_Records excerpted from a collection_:
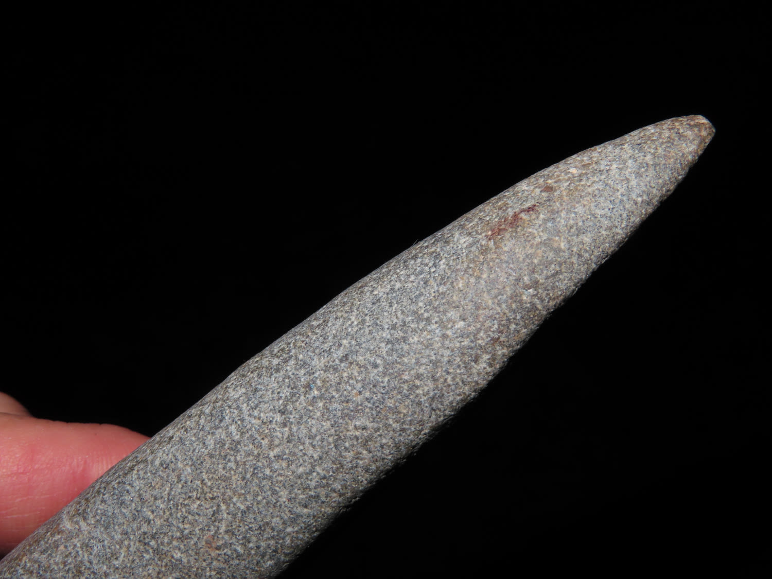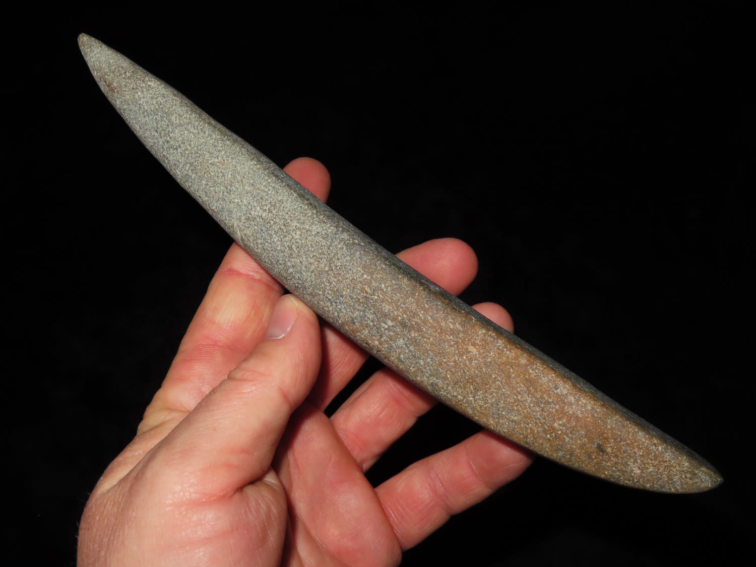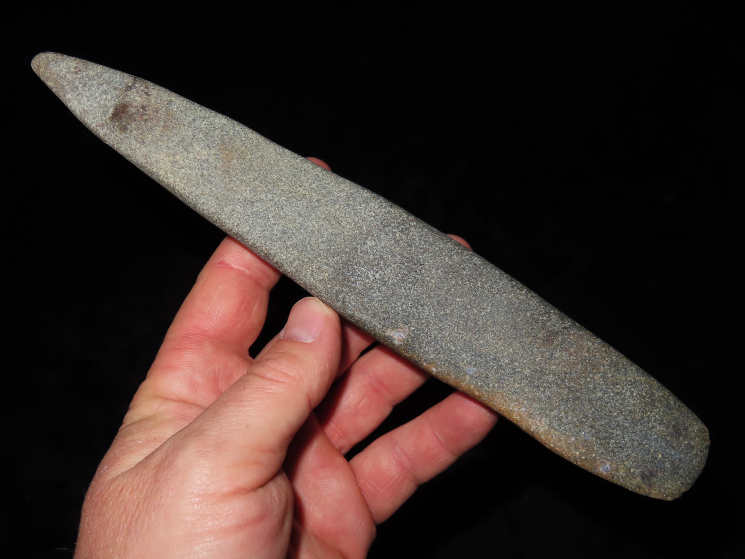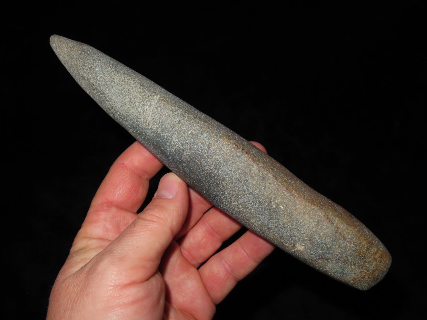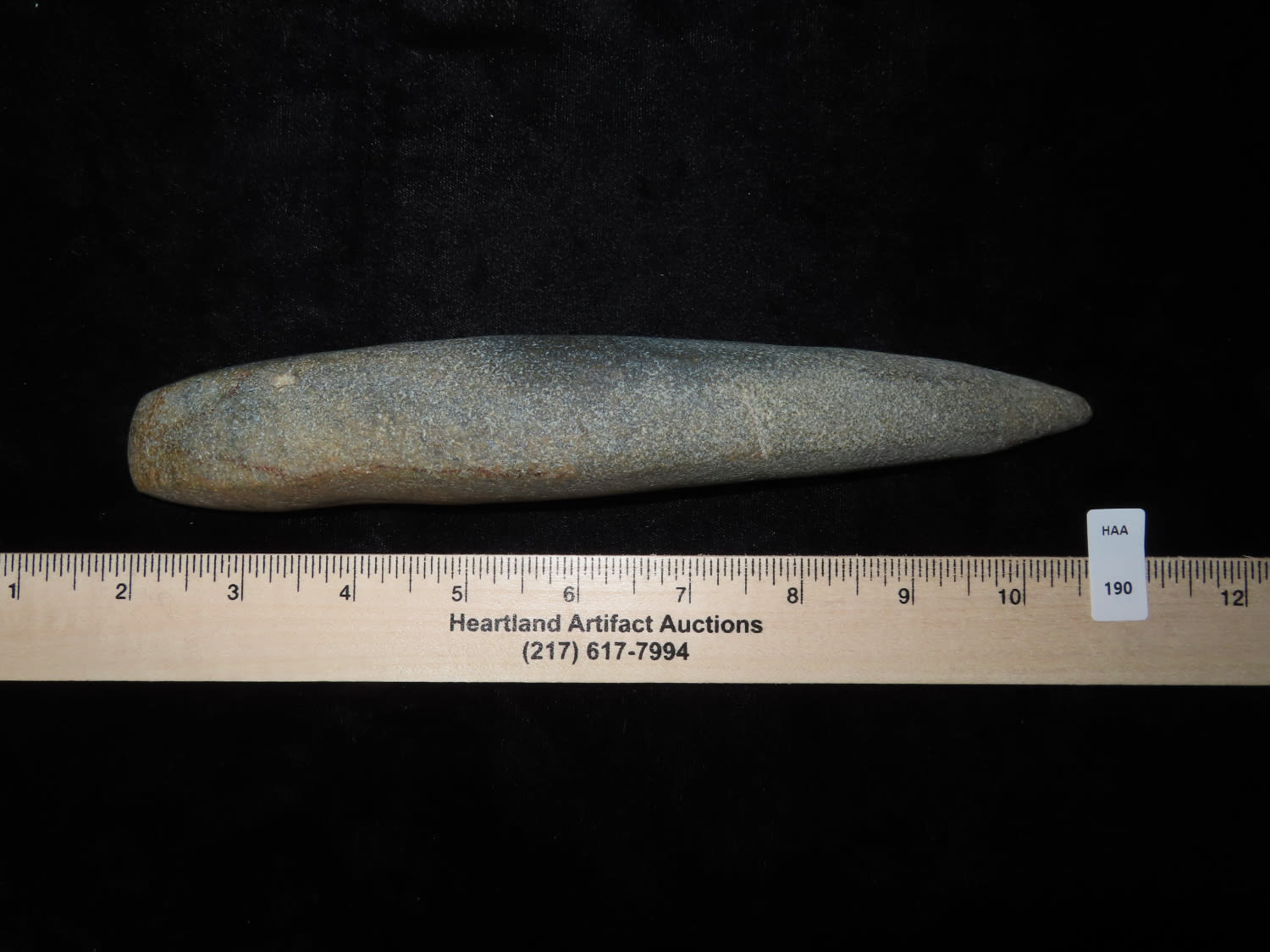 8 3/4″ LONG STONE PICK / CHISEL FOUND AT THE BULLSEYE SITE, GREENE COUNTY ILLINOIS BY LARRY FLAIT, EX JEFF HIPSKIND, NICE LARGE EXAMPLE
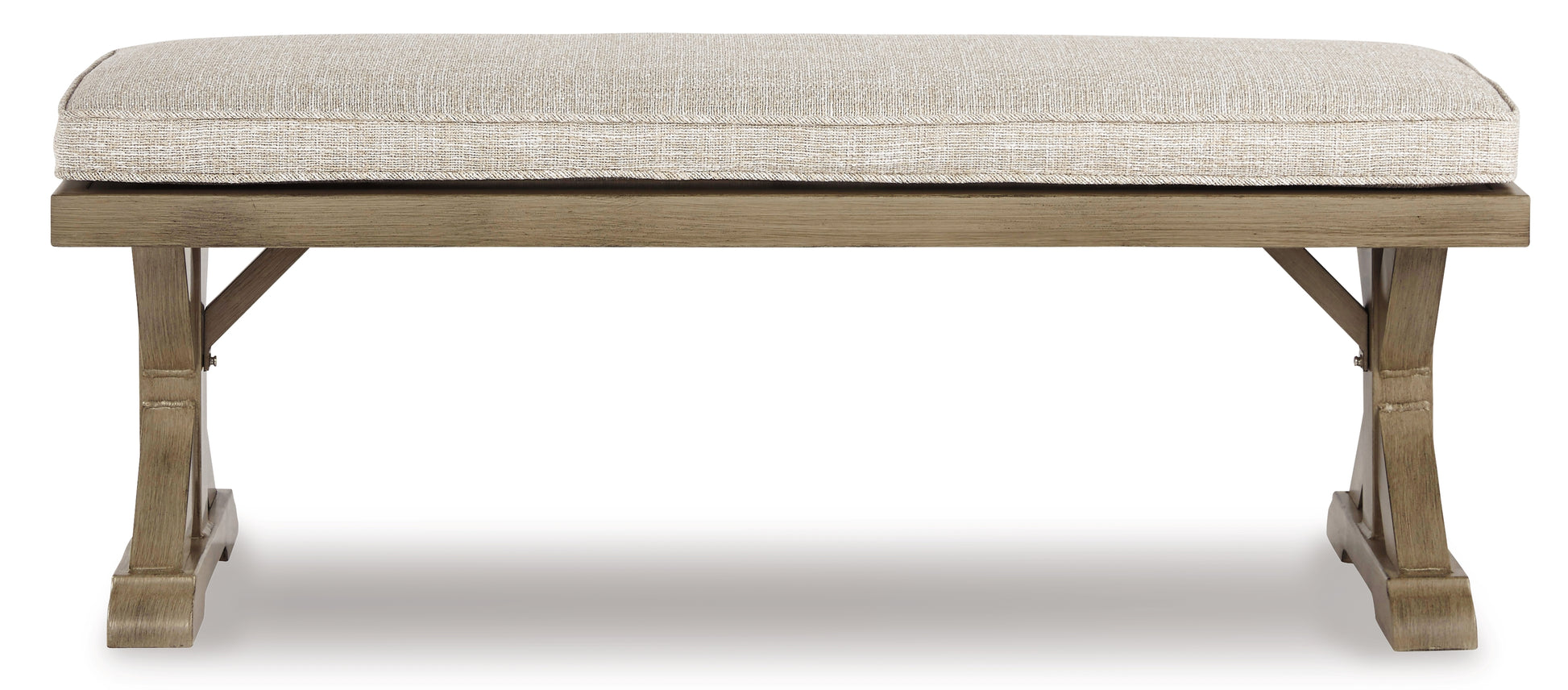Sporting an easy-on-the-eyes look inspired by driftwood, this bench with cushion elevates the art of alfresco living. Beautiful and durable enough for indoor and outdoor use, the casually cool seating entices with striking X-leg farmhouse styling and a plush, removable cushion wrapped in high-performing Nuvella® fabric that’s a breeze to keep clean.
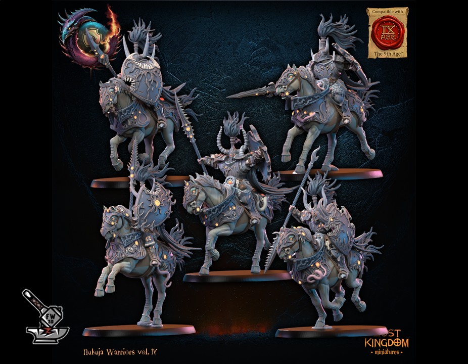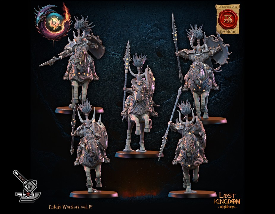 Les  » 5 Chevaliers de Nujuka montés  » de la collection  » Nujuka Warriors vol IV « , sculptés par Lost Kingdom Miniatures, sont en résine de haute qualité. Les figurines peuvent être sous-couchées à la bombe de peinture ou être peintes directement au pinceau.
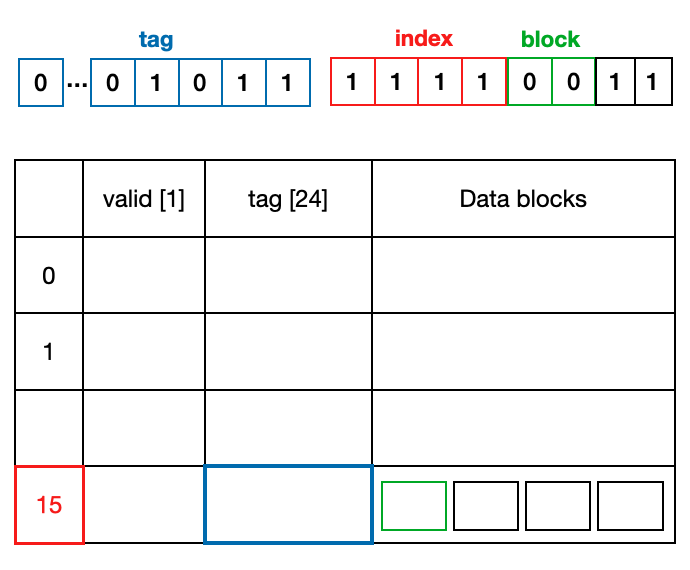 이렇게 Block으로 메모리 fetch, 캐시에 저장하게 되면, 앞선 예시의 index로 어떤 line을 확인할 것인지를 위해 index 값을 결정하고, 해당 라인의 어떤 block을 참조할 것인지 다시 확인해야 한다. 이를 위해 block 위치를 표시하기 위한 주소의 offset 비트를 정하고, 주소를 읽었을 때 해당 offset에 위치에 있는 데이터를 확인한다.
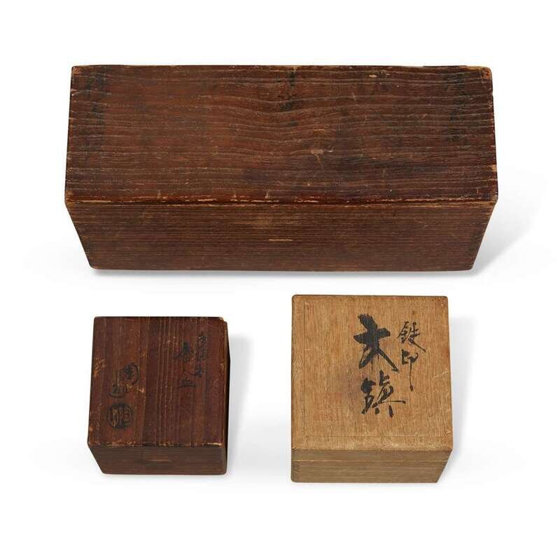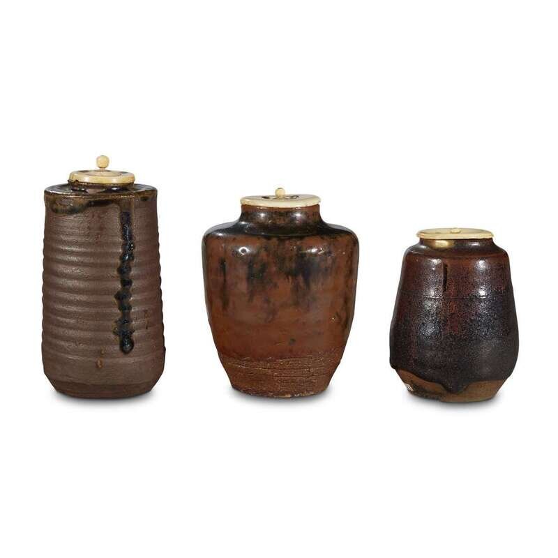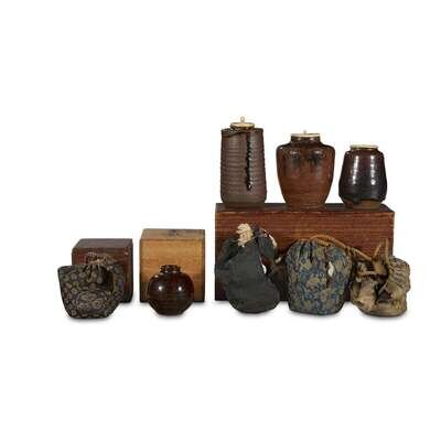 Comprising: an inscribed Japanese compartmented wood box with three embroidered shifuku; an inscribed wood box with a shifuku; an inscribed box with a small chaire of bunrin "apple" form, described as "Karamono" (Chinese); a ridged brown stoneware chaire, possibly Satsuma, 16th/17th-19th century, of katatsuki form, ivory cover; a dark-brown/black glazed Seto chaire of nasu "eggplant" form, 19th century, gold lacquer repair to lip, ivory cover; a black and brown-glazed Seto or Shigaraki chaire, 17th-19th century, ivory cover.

_What is being asked_:
Write out, exactly and with nothing added, every line from the one that holds "directement au pinceau." to the end of the entries above; pictures stay out.

_Output_:
 Les  » 5 Chevaliers de Nujuka montés  » de la collection  » Nujuka Warriors vol IV « , sculptés par Lost Kingdom Miniatures, sont en résine de haute qualité. Les figurines peuvent être sous-couchées à la bombe de peinture ou être peintes directement au pinceau.
 이렇게 Block으로 메모리 fetch, 캐시에 저장하게 되면, 앞선 예시의 index로 어떤 line을 확인할 것인지를 위해 index 값을 결정하고, 해당 라인의 어떤 block을 참조할 것인지 다시 확인해야 한다. 이를 위해 block 위치를 표시하기 위한 주소의 offset 비트를 정하고, 주소를 읽었을 때 해당 offset에 위치에 있는 데이터를 확인한다.
 Comprising: an inscribed Japanese compartmented wood box with three embroidered shifuku; an inscribed wood box with a shifuku; an inscribed box with a small chaire of bunrin "apple" form, described as "Karamono" (Chinese); a ridged brown stoneware chaire, possibly Satsuma, 16th/17th-19th century, of katatsuki form, ivory cover; a dark-brown/black glazed Seto chaire of nasu "eggplant" form, 19th century, gold lacquer repair to lip, ivory cover; a black and brown-glazed Seto or Shigaraki chaire, 17th-19th century, ivory cover.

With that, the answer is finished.